Buckinghamshire Healthcare Trust (Stoke Mandeville Hospital; Wycombe General Hospital): DME/College Tutor - Mr Marc Davison - marc.davison@buckshealthcare.nhs.uk

 

Teaching:

Trainees from the region meet monthly for consultant-led teaching. Sessions follow a curriculum designed to prepare trainees for the FRCS Urology exam with sessions also dedicated to management and consultancy interviews to aid consultancy applications. Each department also has regular departmental meetings for educational and audit presentations.

The JCST have outlined requirements for CCT in the Quality Assurance section of their website.

 

ARCPs:

ARCPs are held in Oxford every June/July, with an additional mid year ARCP for ST3’s and ST7’s held in January. Details are sent out nearer the time by email and guidance for a successful outcome are published at the beginning of the academic year.

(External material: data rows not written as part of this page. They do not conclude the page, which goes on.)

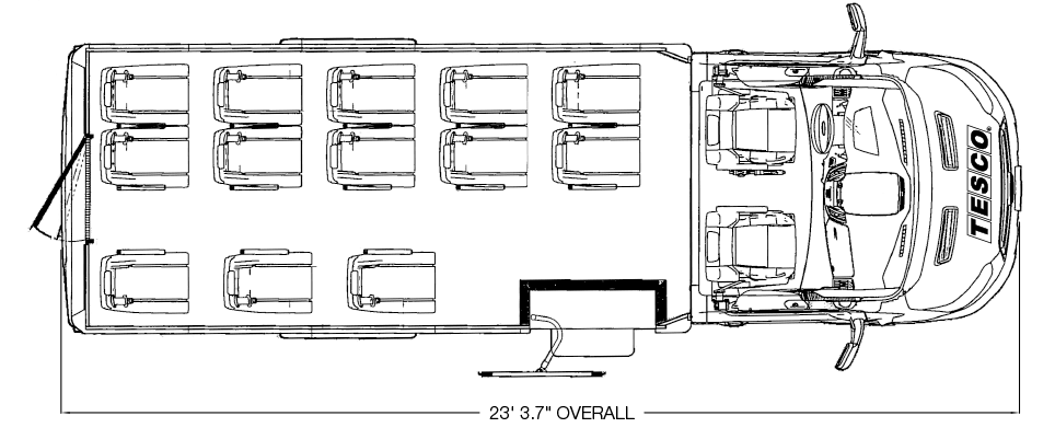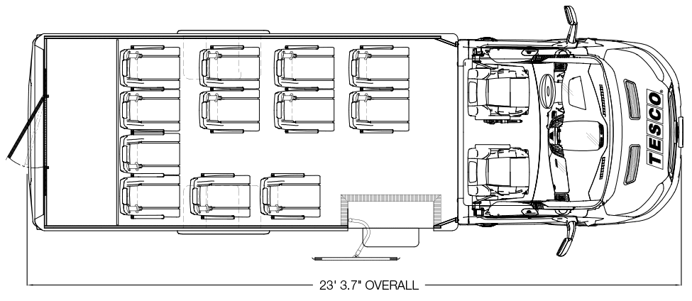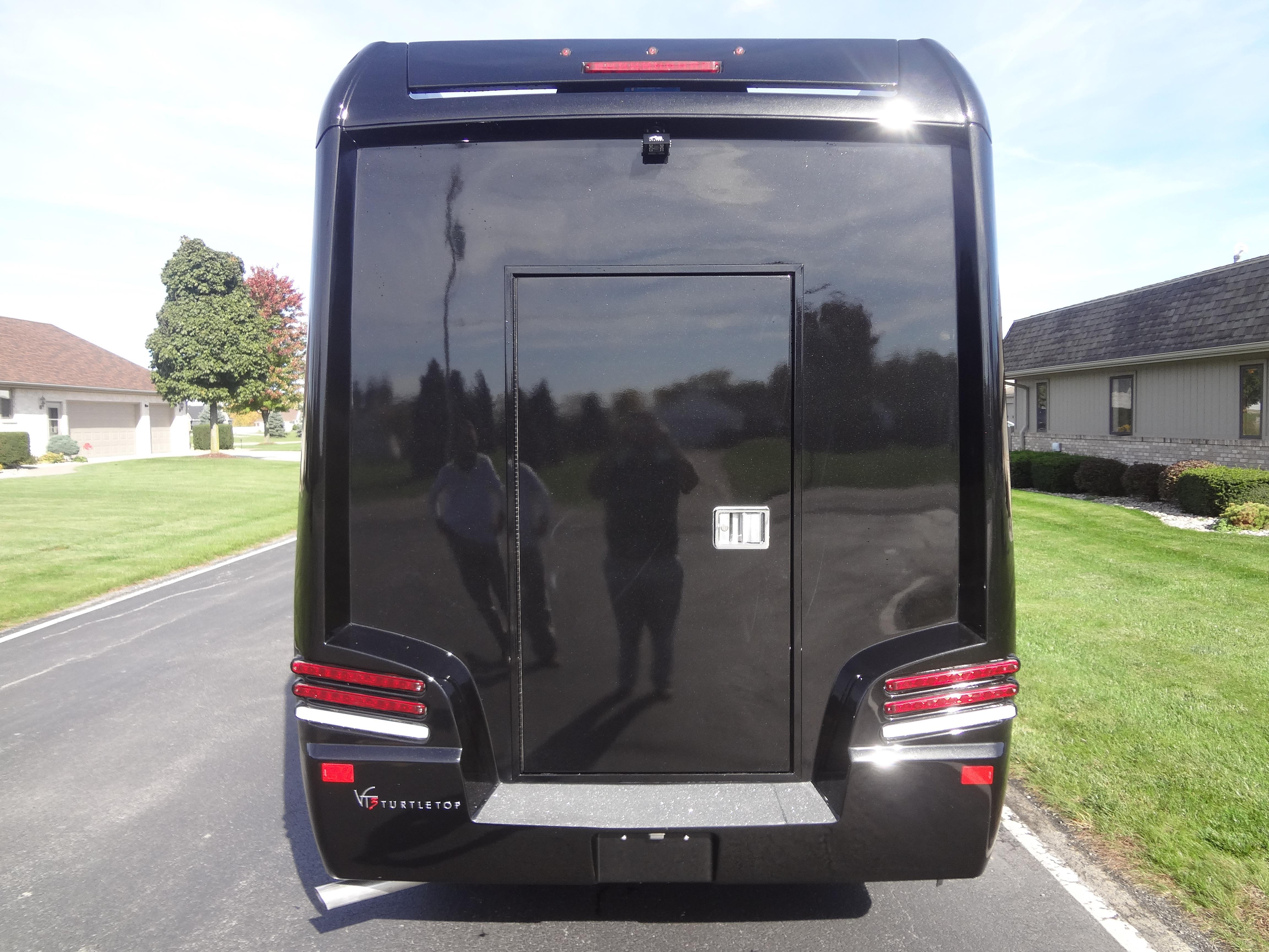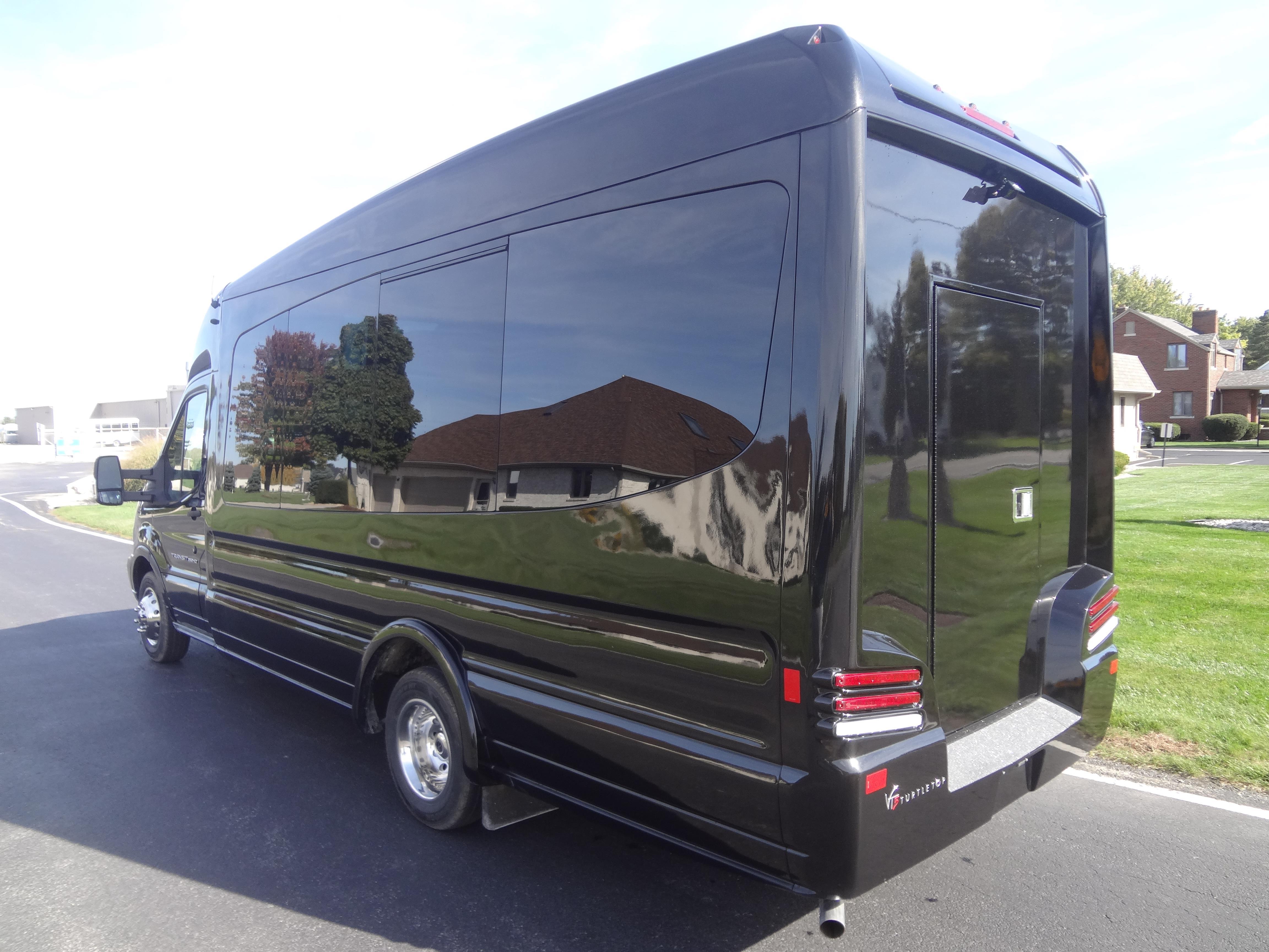 Introducing the new VT3 from Turtle Top, the next generation in mid-sized bus design! Groundbreaking technology and construction methods allows for a 17 passenger capacity while still getting up to 18 miles per gallon. The VT3 is built on the new Ford Transit cutaway and offers a wider interior width than the standard Ford Transit or Mercedes Sprinter vans. Along with an automotive interior finish, the VT3 is a quiet ride, with interior noise levels similar to BMWs and other luxury sedans. As the only mid-sized bus available with a diesel engine option, the VT3 is perfect for your small shuttle bus and executive coach needs. DESIGNED TO MEET OR EXCEED APPLICABLE FMVSS STANDARDS and FORD QVM
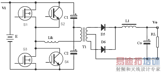 这种技术因通态损耗很低而使得DC/DC变换器的效率很高。但需工作频率相对较低,一般选取20~40kHz。由于半桥组合开关只需两个开关,总的开关器件的数目少,使可靠性显著提高。
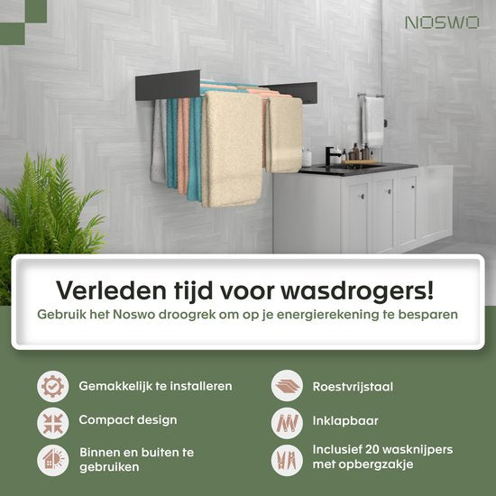 Haben Sie zu wenig Platz für nasse Wäsche oder Badezimmerwäsche? Dieser Trockenständer von Noswo bietet eine Lösung, denn er lässt sich zusammenklappen und bietet Ihnen eine einfache Lösung für dieses Problem. Er ist ideal für jeden Ort in Ihrer Wohnung, an dem Sie Ihre Wäsche oder Badtextilien trocknen möchten. Nach dem Aufhängen der Wäsche haben Sie wieder viel Platz, und mit den zusätzlich enthaltenen 20 Wäscheklammern können Sie sicher sein, dass alles sicher hängt.
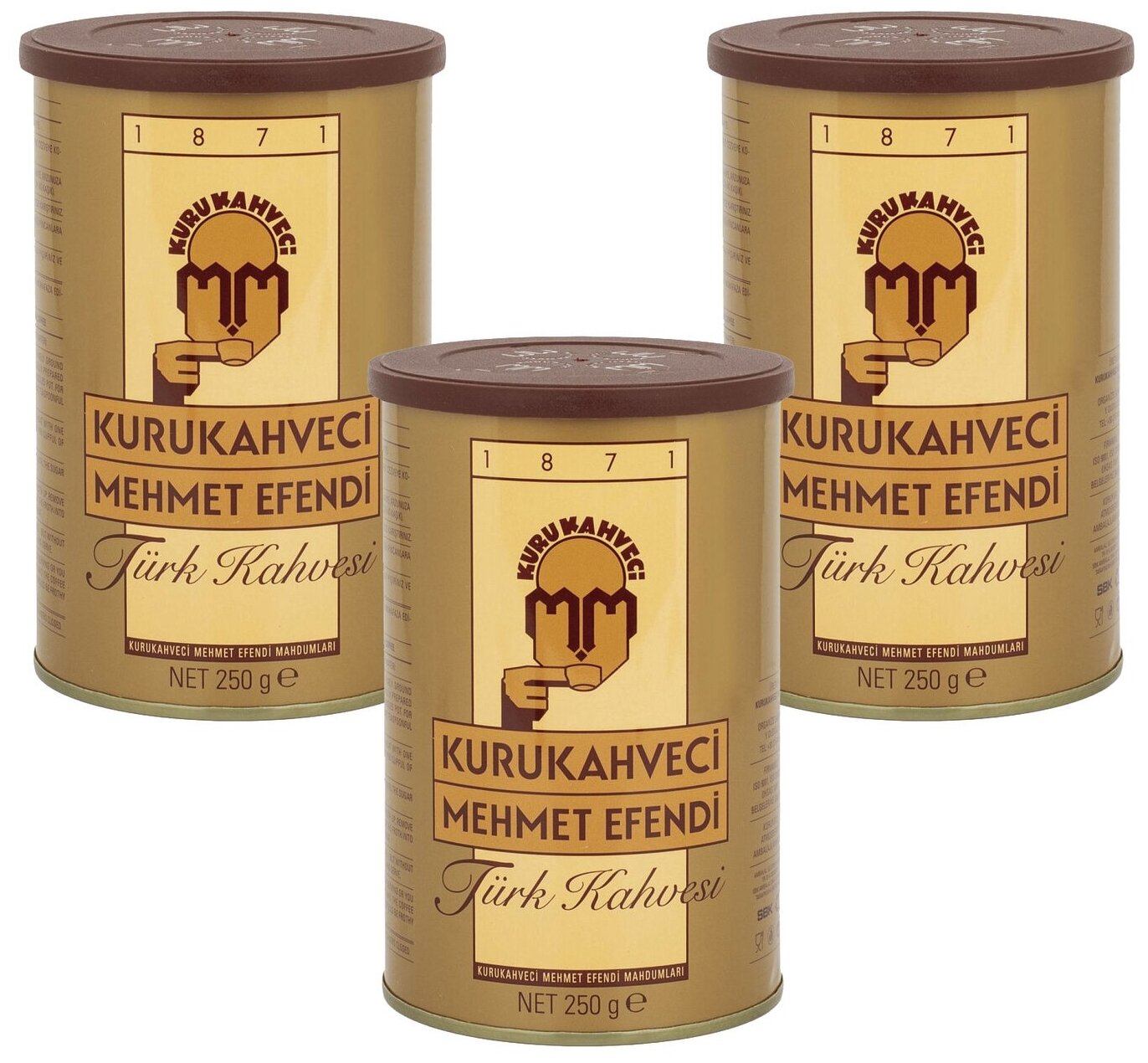 Турецкий кофе Kurukahveci Mehmet Efendi молотый, набор 3 банки по 250 гр.
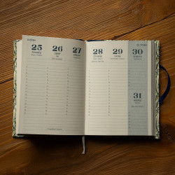 Ručně vázaný diář velikosti 11 x 15,5cm s naším originálním zpracováním. Desky potažené designovým papírem s praktickou gumičkou.
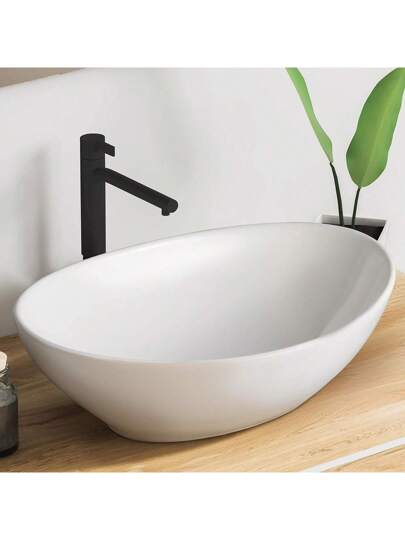 Premium Oval Washbasin With Lotus Effect, Counter-Top Wash Basin For The Bathroom And Guest Toilet, Wash Basin Without Tap Hole And Without Overflow, Pure White Counter-Top Basin
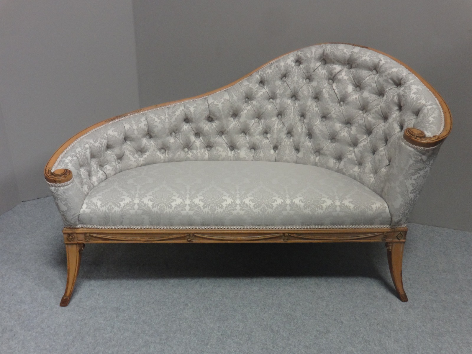 This is a very pretty Adams style two seater curved chaise / settee, standing on outswept legs, deep buttoned silver grey damask upholstery (new), in lovely condition.
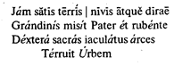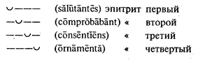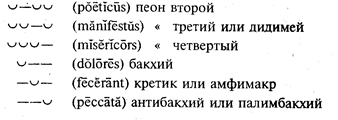 Так как античные стопы не могли содержать менее двух или более четырех слогов, то этими 28-ю стопами исчерпываются все возможные комбинации из долгих и кратких слогов, образующие стопы. В стихах границы стопы и границы слов (словоразделы) могли и не совпадать. Но конец стиха, после которого должна была быть пауза, обязательно совпадал с концом слова. Последняя стопа могла быть не равна метрически с остальными стопами стиха. Если она была короче остальных, стих именовался каталектическим, если она равнялась остальным, – акаталектическим, и если она была длиннее остальных, – гиперкаталектическим. На каждую стопу падало ритмическое ударение, называемое иктом. Слог, на который падал икт, назывался арсисом в отличие от неударной части стопы (тезис). Обычно икт падал на первый долгий слог стопы. Замечу, что и в современной музыке ударение падает преимущественно (хотя и не обязательно) на долгие ноты. См. в приведенном примере стопы (вста)вай про(клятьем), (весь) мир го(лодных), ( ки)пит наш, бой ве-сти го (тов). Таким образом главными характеристиками стопы были два признака: длина стопы в морах и положение икта. Стих определялся числом и характером стоп. Наиболее распространенным стихом был гекзаметр, состоявший из шести четырехмерных стоп с иктом на первом слоге. Из всех четырехмерных стоп начинаются на долгий слог (который может принять на себя ритмическое ударение) две: спондей и дактиль. Гекзаметр и состоял из спондеев и дактилей, причем обычно пятая стопа была дактилем, что же касается шестой, то она обязательно была двусложна и могла быть равна остальным (спондей) или короче их (хорей). Вот пример латинского гекзаметра (размечаю в первой строке долгие и краткие, в остальных только икты).

Along with full interaction with the ISCP logbook, current guidance includes:

  • 80% attendance at the monthly teaching days as demonstrated by the sign in sheet.
  • Minimum of 1 audit
  • 40 WBA's of which 15 should be PBA's
  • Evidence that a peer-reviewed paper is in progress, in review or published.

 

We would also advise keeping a separate paediatric logbook detailing experience in clinic and in theatre. This can be put in the miscellaneous section of the portfolio.